*DATA RECORDS*:
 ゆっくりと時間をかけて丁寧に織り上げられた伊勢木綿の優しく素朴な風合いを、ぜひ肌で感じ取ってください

---

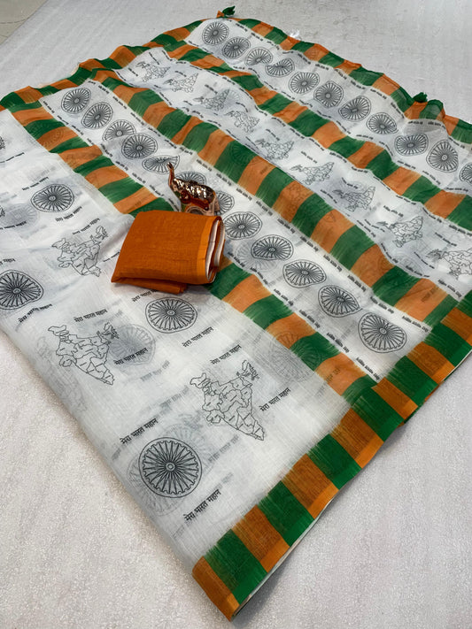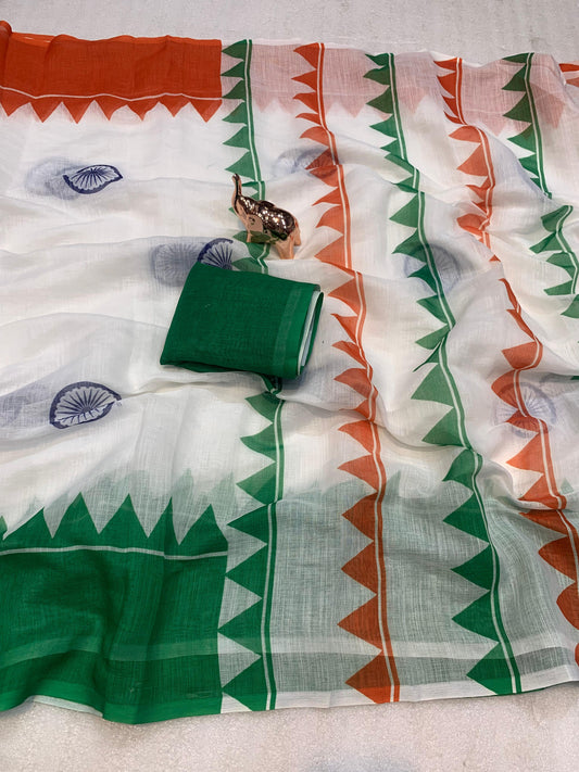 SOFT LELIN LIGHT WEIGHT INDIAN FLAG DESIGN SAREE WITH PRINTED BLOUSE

* * *

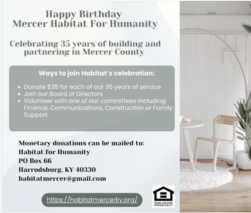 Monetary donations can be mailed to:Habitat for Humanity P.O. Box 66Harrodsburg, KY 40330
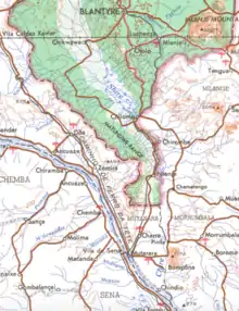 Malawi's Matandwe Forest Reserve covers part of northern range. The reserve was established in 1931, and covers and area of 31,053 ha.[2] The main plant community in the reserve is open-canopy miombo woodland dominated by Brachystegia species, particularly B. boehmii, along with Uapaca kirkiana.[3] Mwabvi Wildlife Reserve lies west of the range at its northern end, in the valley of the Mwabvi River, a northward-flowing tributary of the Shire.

*TASK BRIEF*: Among the entries above, take the lines from the one with "Monetary donations can" through the one with "Malawi's Matandwe Forest" and retype them exactly, leaving out the pictures.

*COMPLETED TASK*:
 Monetary donations can be mailed to:Habitat for Humanity P.O. Box 66Harrodsburg, KY 40330
 Malawi's Matandwe Forest Reserve covers part of northern range. The reserve was established in 1931, and covers and area of 31,053 ha.[2] The main plant community in the reserve is open-canopy miombo woodland dominated by Brachystegia species, particularly B. boehmii, along with Uapaca kirkiana.[3] Mwabvi Wildlife Reserve lies west of the range at its northern end, in the valley of the Mwabvi River, a northward-flowing tributary of the Shire.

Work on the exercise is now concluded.